Recommended production setup:

Internet
    ↓
Load Balancer (AWS ELB, Nginx)
    ↓
┌─────────────────────────────────┐
│  Reverse Proxy (Nginx/Caddy)   │
│  - TLS termination              │
│  - Static file serving          │
│  - Gzip/Brotli compression      │
│  - Rate limiting                │
└─────────────────────────────────┘
    ↓
┌─────────────────────────────────┐
│  Granian Workers (4-8)          │
│  - Gobstopper application             │
│  - Rust components enabled      │
│  - Connection pooling           │
└─────────────────────────────────┘
    ↓                         ↓
┌──────────────┐    ┌──────────────┐
│  PostgreSQL  │    │  Redis Cache │
│  (Primary)   │    │              │
└──────────────┘    └──────────────┘

Nginx Configuration

upstream gobstopper_app {
    least_conn;
    server 127.0.0.1:8000;
    server 127.0.0.1:8001;
    server 127.0.0.1:8002;
    server 127.0.0.1:8003;
}

server {
    listen 443 ssl http2;
    server_name example.com;

    ssl_certificate /path/to/cert.pem;
    ssl_certificate_key /path/to/key.pem;

    # Gzip compression
    gzip on;
    gzip_types text/plain text/css application/json application/javascript;
    gzip_min_length 1000;

    # Static files
    location /static/ {
        alias /var/www/static/;
        expires 1y;
        add_header Cache-Control "public, immutable";
    }

    # Application
    location / {
        proxy_pass http://gobstopper_app;
        proxy_set_header Host $host;
        proxy_set_header X-Real-IP $remote_addr;
        proxy_set_header X-Forwarded-For $proxy_add_x_forwarded_for;
        proxy_set_header X-Forwarded-Proto $scheme;

        # Timeouts
        proxy_connect_timeout 60s;
        proxy_send_timeout 60s;
        proxy_read_timeout 60s;

        # Buffer settings
        proxy_buffering on;
        proxy_buffer_size 4k;
        proxy_buffers 8 4k;
    }
}

Benchmarking Results

Test Environment

  • Hardware: 8 CPU cores, 16GB RAM

  • Database: PostgreSQL 15 with connection pool (20 connections)

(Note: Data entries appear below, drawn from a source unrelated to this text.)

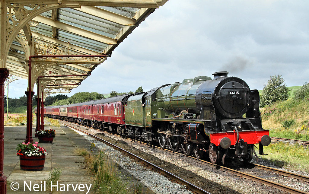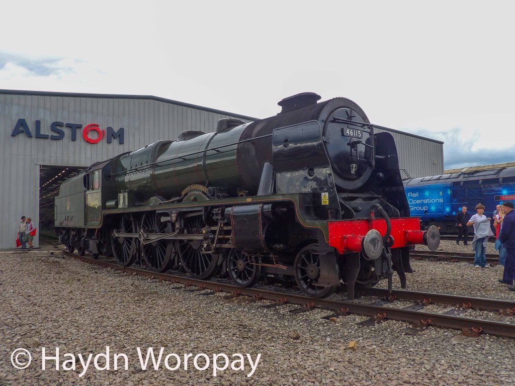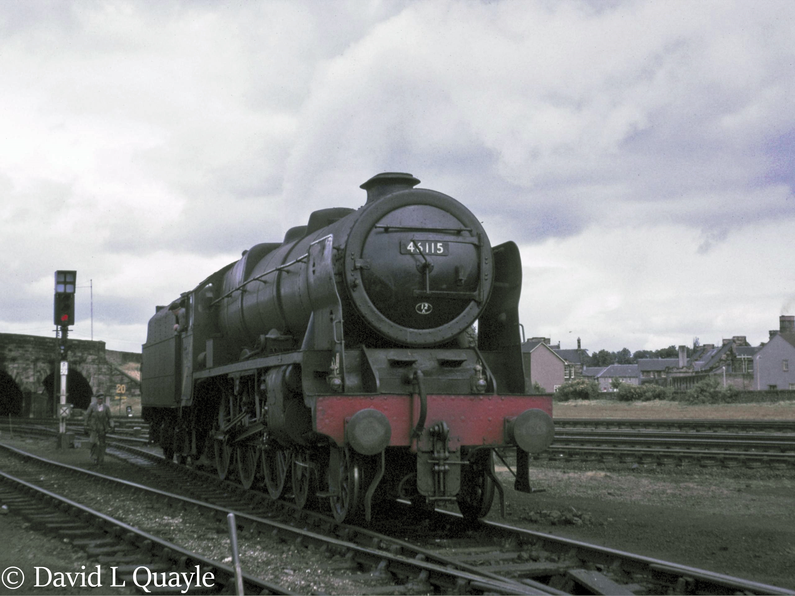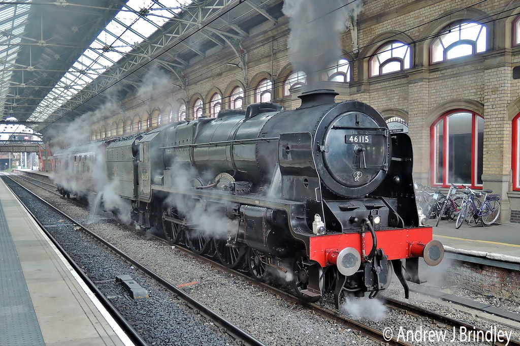 6115 was rebuilt in 1947 with a new tapered type 2A boiler, and was painted in LMS 1946-style black livery. It was the first of the rebuilt engines to receive smoke deflectors and the only one to run with them as an LMS engine. It was renumbered 46115 by British Railways in 1948 and was the last of the class in service from service at Carlisle Kingmoor depot in December 1965.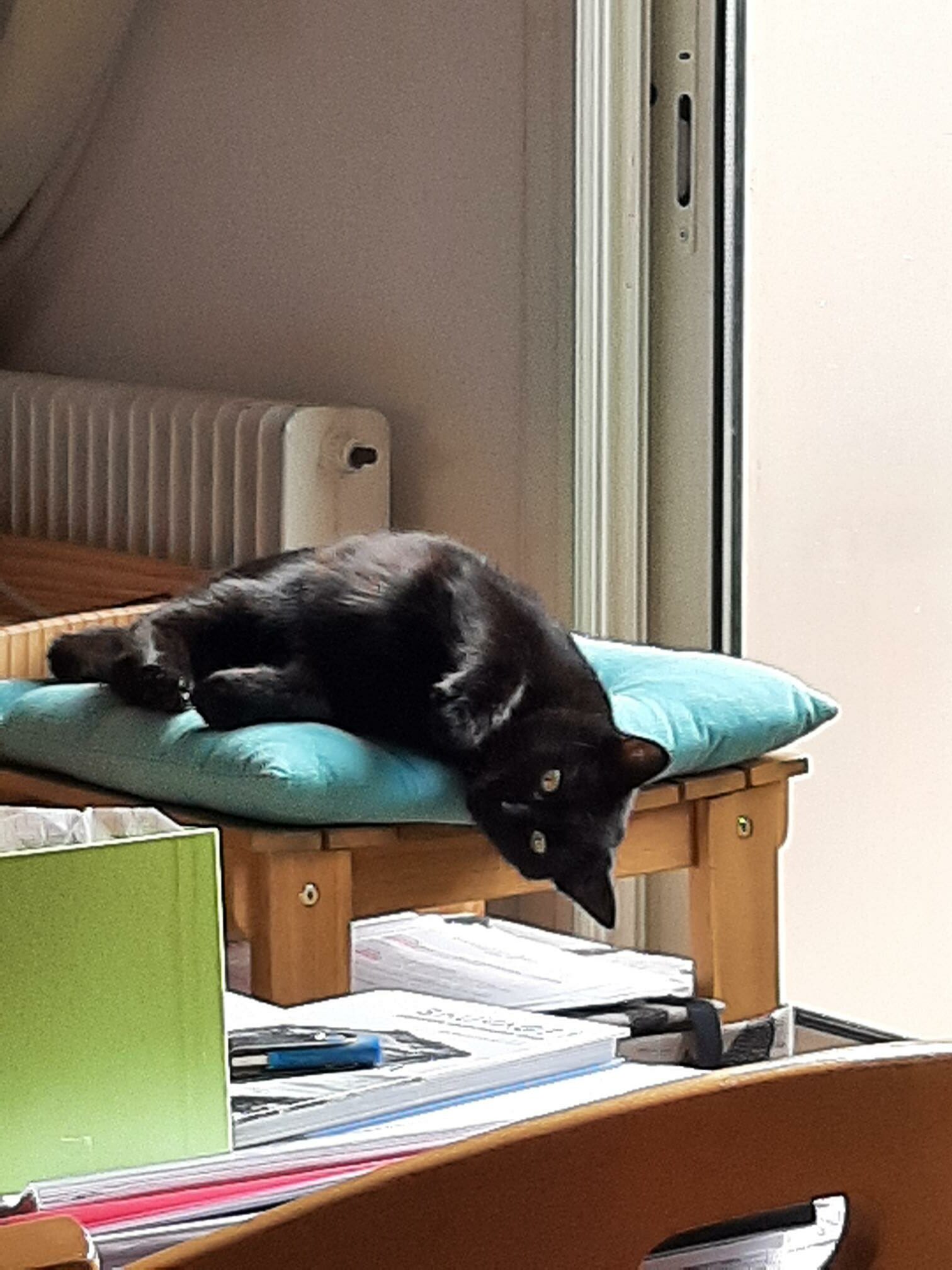 Elle est assez calme, contrairement à pas mal de chats ce n’est pas une « grimpeuse » (en tout cas pour l’instant !).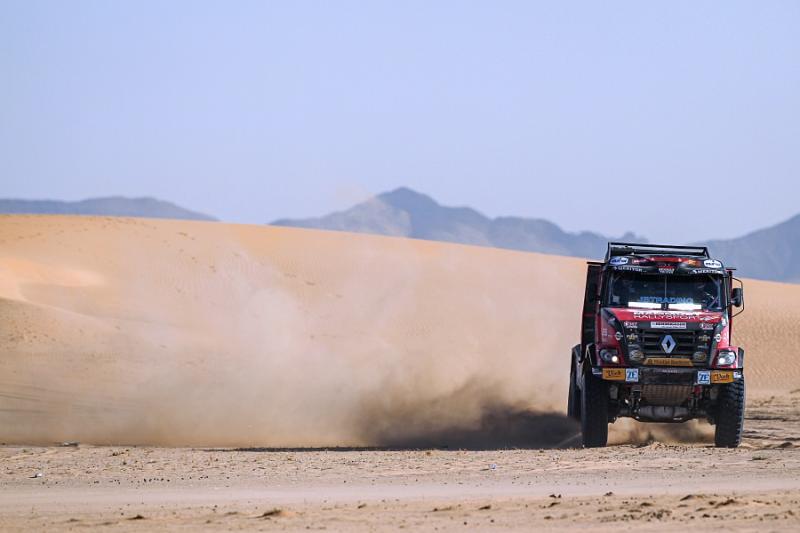 Na kamiony a automobily v rámci osmého dějství čekal měřený okruh dlouhý téměř čtyři sta osmdesát kilometrů se startem a cílem ve Wadi Al Dawasiru. Celkem posádky musely zdolat takřka sedm set dvacet kilometrů. Zatímco Rus Karginov oslavil zlatý etapový hattrick, když získal třetí vítězství v řadě a upevnil si pozici lídra závodu kamionů, holandský pilot Martin van den Brink naopak zůstal stát na trati dlouhé hodiny s problémy se zadním diferenciálem a v této chvíli stále není mezi klasifikovanými. Naopak jeho krajané vedoucí další tři stroje od MKR Technology se již v bivaku připravují na další den. Pascal de Baar cílem projel s půlhodinovým odstupem dvanáctý, Richard de Groot s trambusovým renaultem K520 byl tři pozice za ním a Gert Huzink s hybridem byl klasifikovaný jedenadvacátý. „Je úžasné, jak se všichni perou s nástrahami trati, a především jak to zvládá Gertova posádka, která si se vším musí poradit ve dvou lidech bez palubního mechanika,“ vysekl poklonu „svým svěřencům“ Mario Kress.
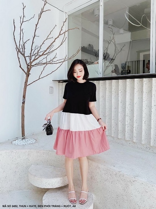ĐẦM XÒE TAY NGẮN PHỐI 3 MÀU XINH XẮN - 2452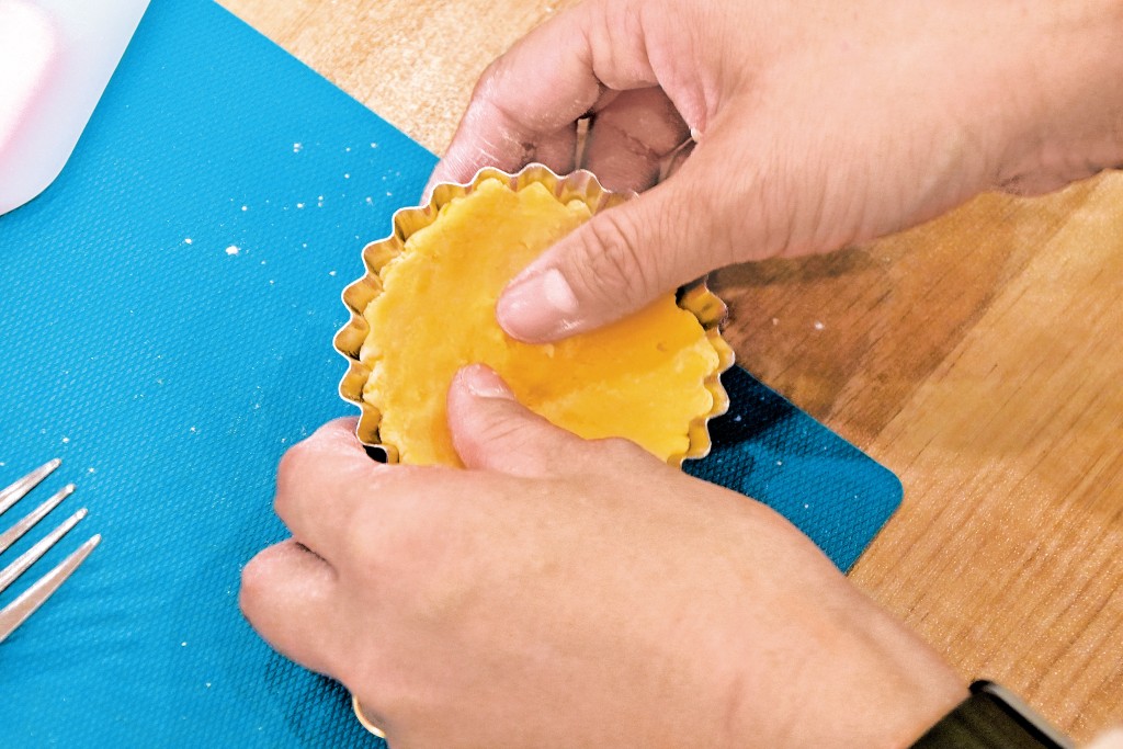 步驟2﹕放在雪櫃內冷藏半小時,之後再放在蛋撻模具內,搓成蛋撻形狀。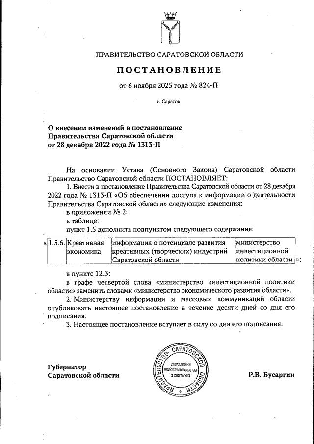 Постановление Правительства Саратовской области от 06.11.2025 N 824-П "О внесении изменений в постановление Правительства Саратовской области от 28 декабря 2022 года N 1313-П"

  • Configuration: 4 Granian workers, Rust components enabled

Results

Test Type

Requests/sec

Latency (avg)

Latency (p99)

Plaintext

18,241

2.1ms

5.2ms

JSON

17,486

2.3ms

6.1ms

Single Query

14,203

2.8ms

8.4ms

Multiple Queries (20)

5,523

7.2ms

18.1ms

Updates (5)

7,741

5.1ms

14.2ms

Templates

12,004

3.3ms

9.7ms

Comparison with Other Frameworks

Gobstopper performance is competitive with major Python async frameworks:

  • FastAPI: Similar performance for JSON serialization

  • Starlette: Comparable baseline performance

  • BlackSheep: Similar template rendering speed

  • Sanic: Gobstopper typically 10-15% faster with Rust components

Continuous Performance Testing

Set up automated benchmarks:

#!/bin/bash
# benchmark.sh - Run performance tests

echo "Running Gobstopper benchmarks..."

# Start application
granian --interface rsgi --workers 4 benchmark_simple:app &
APP_PID=$!
sleep 2

# Run tests
wrk -t4 -c100 -d30s http://localhost:8000/json > results_json.txt
wrk -t4 -c100 -d30s http://localhost:8000/db > results_db.txt

# Stop application
kill $APP_PID

# Parse and compare results
python compare_benchmarks.py results_json.txt results_db.txt

Conclusion

Gobstopper provides excellent performance out of the box, but following these optimization strategies can push performance even higher:

  1. Enable Rust components for 2-4x performance gains

  2. Use connection pooling for database access

  3. Implement caching at multiple levels

  4. Optimize database queries with proper indexes

  5. Configure Granian with appropriate worker settings

  6. Monitor and profile to identify bottlenecks

  7. Use CDN for static assets in production

For most applications, these optimizations will achieve 15,000+ RPS with sub-5ms latency.